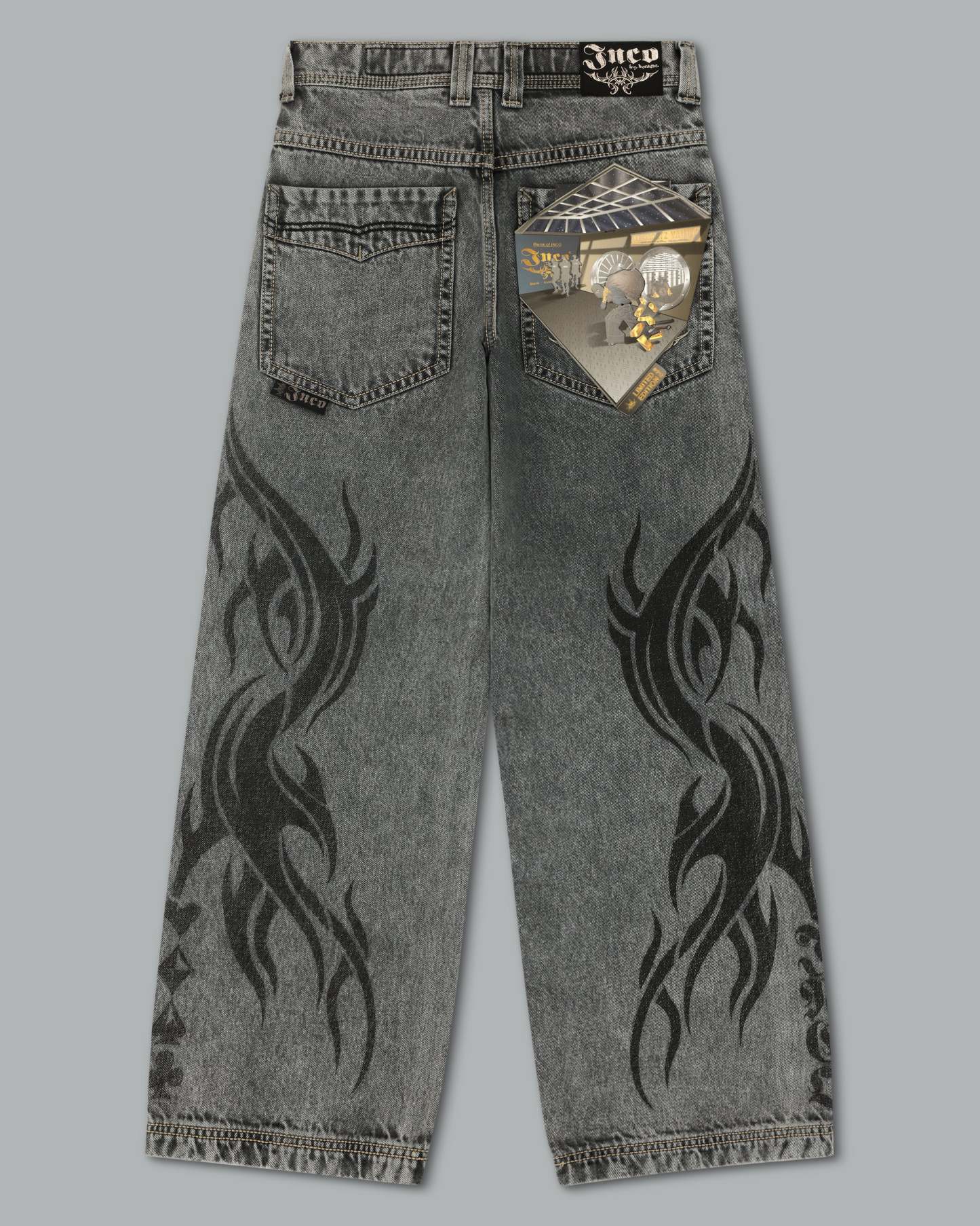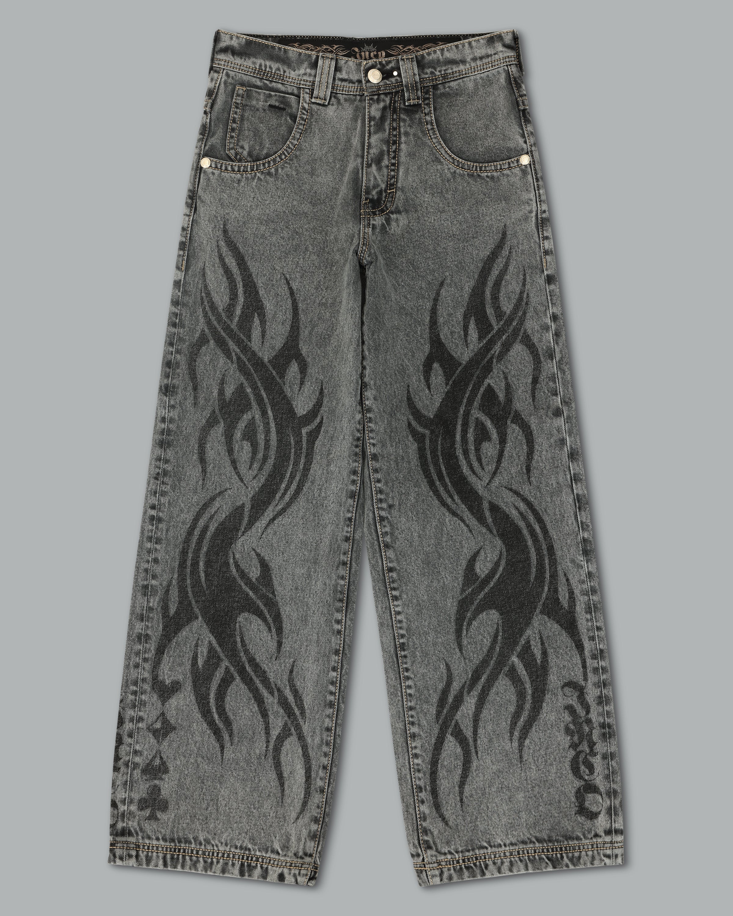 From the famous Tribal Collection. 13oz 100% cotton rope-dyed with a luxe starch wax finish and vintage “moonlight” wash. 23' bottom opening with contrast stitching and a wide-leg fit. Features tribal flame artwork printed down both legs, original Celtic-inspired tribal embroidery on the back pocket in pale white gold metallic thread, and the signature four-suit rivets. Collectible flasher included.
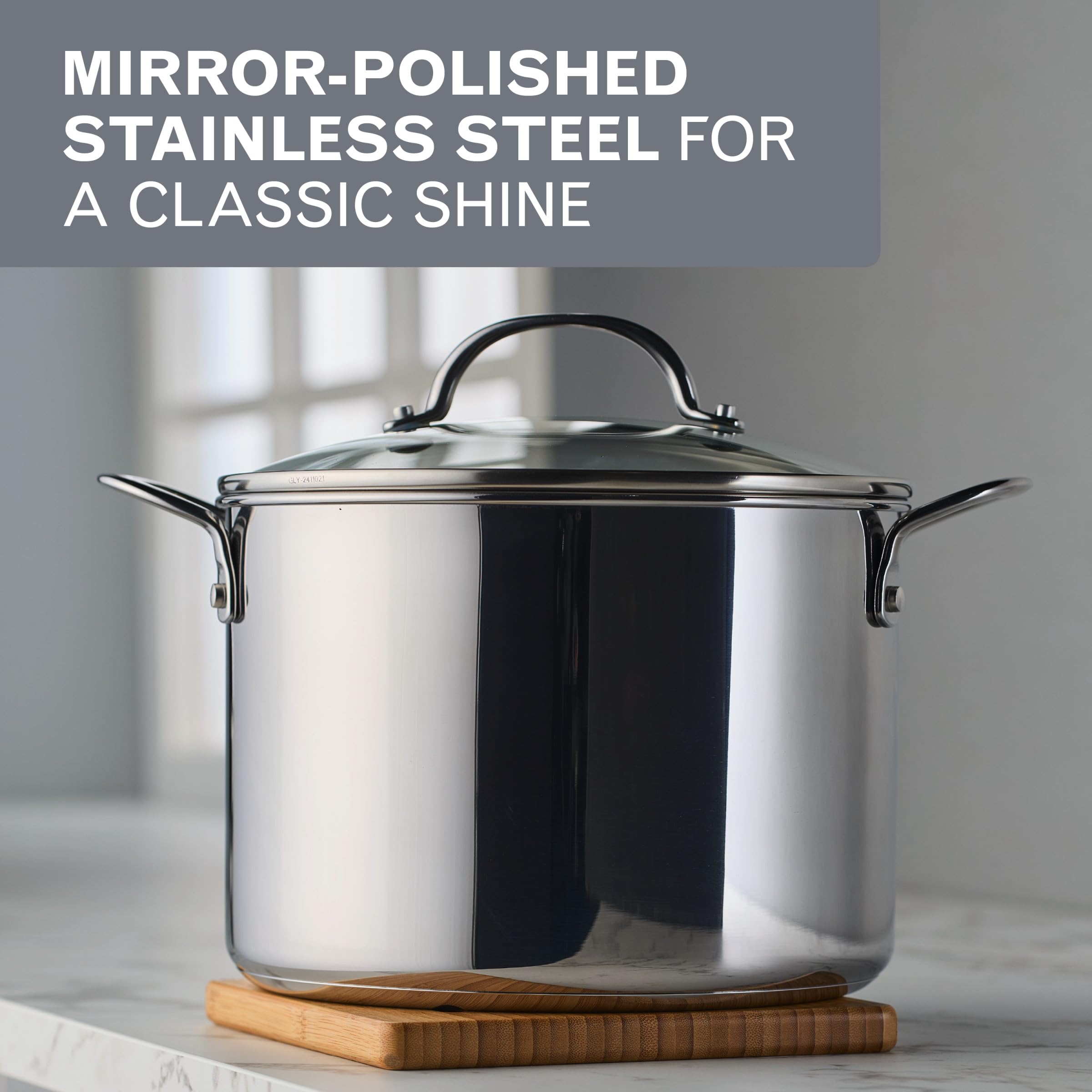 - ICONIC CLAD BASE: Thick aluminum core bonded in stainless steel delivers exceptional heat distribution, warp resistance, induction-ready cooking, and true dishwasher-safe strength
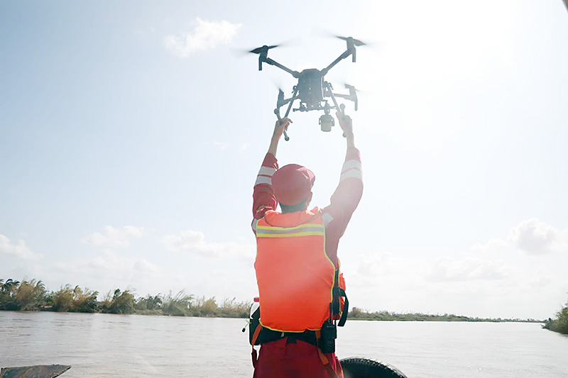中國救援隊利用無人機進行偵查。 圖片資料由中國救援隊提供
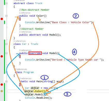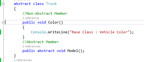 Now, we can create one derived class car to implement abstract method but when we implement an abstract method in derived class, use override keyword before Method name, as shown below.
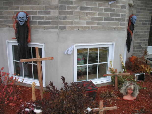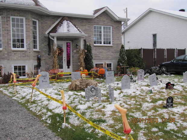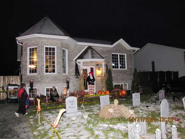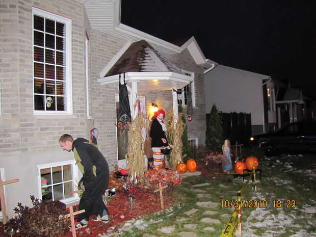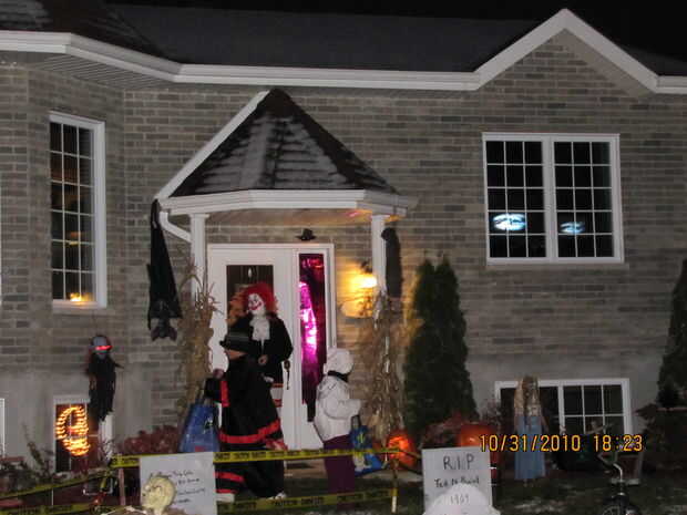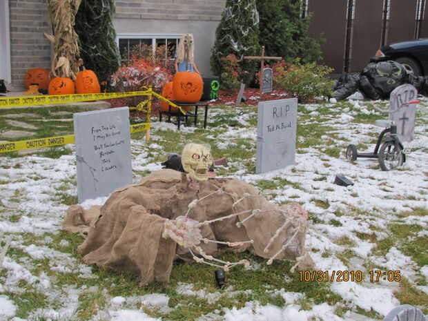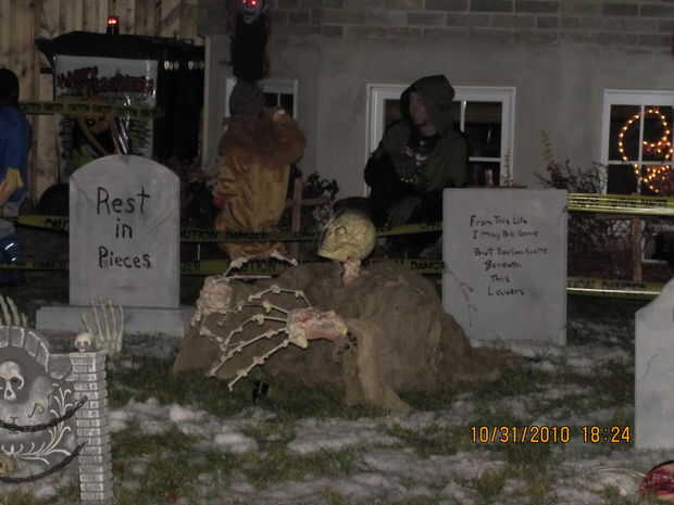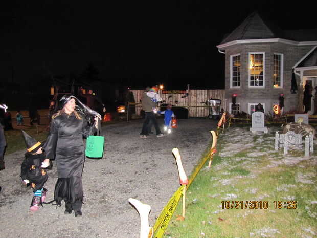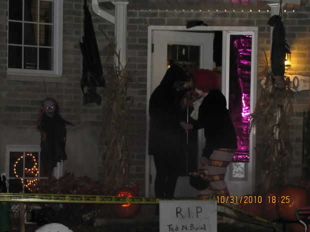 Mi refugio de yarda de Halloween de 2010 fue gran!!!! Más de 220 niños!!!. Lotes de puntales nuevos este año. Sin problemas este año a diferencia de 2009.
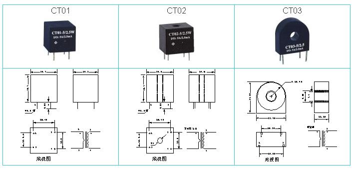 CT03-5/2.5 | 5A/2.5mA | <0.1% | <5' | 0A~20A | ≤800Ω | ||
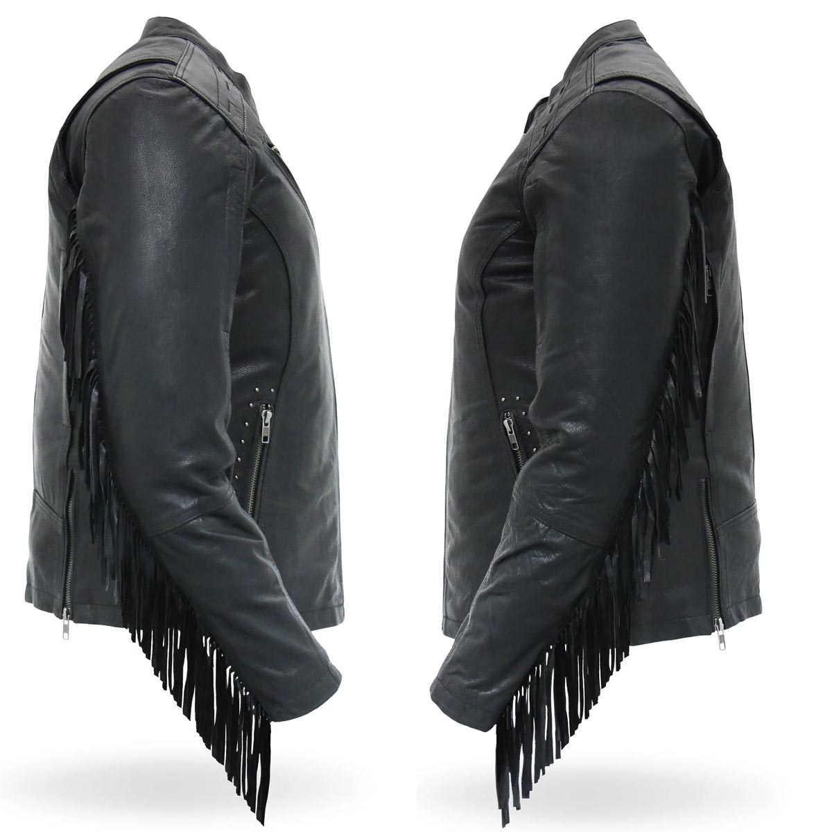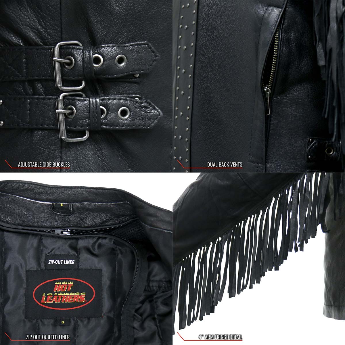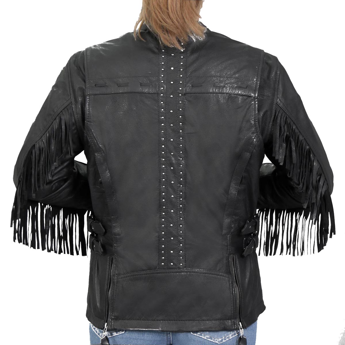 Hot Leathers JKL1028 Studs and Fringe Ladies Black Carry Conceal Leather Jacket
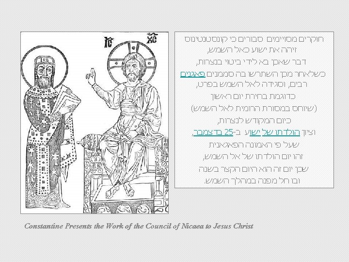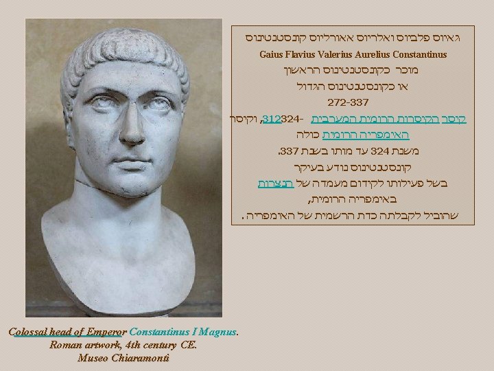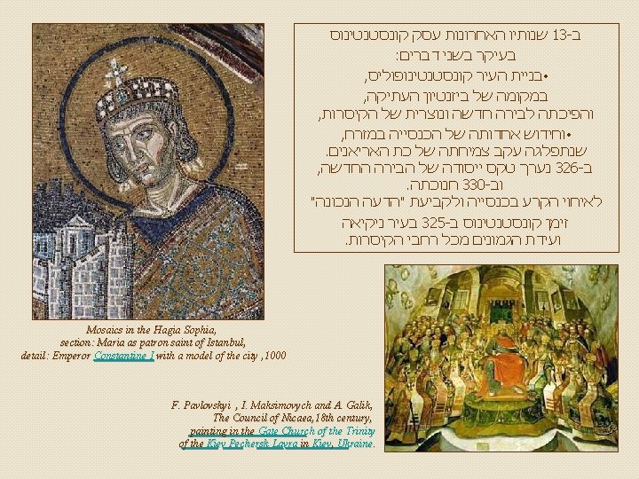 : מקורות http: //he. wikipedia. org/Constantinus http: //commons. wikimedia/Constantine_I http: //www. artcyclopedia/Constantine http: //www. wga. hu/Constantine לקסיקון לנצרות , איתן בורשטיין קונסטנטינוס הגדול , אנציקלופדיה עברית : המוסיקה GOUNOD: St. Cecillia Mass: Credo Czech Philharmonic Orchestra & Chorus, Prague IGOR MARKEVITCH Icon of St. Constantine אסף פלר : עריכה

== Instructions for the task ==
What you should return is the exact text of every line from the top of the entries through the line with "中國救援隊利用無人機進行偵查。 圖片資料由中國救援隊提供", pictures removed.

== Answer section ==
 From the famous Tribal Collection. 13oz 100% cotton rope-dyed with a luxe starch wax finish and vintage “moonlight” wash. 23' bottom opening with contrast stitching and a wide-leg fit. Features tribal flame artwork printed down both legs, original Celtic-inspired tribal embroidery on the back pocket in pale white gold metallic thread, and the signature four-suit rivets. Collectible flasher included.
 - ICONIC CLAD BASE: Thick aluminum core bonded in stainless steel delivers exceptional heat distribution, warp resistance, induction-ready cooking, and true dishwasher-safe strength
中國救援隊利用無人機進行偵查。 圖片資料由中國救援隊提供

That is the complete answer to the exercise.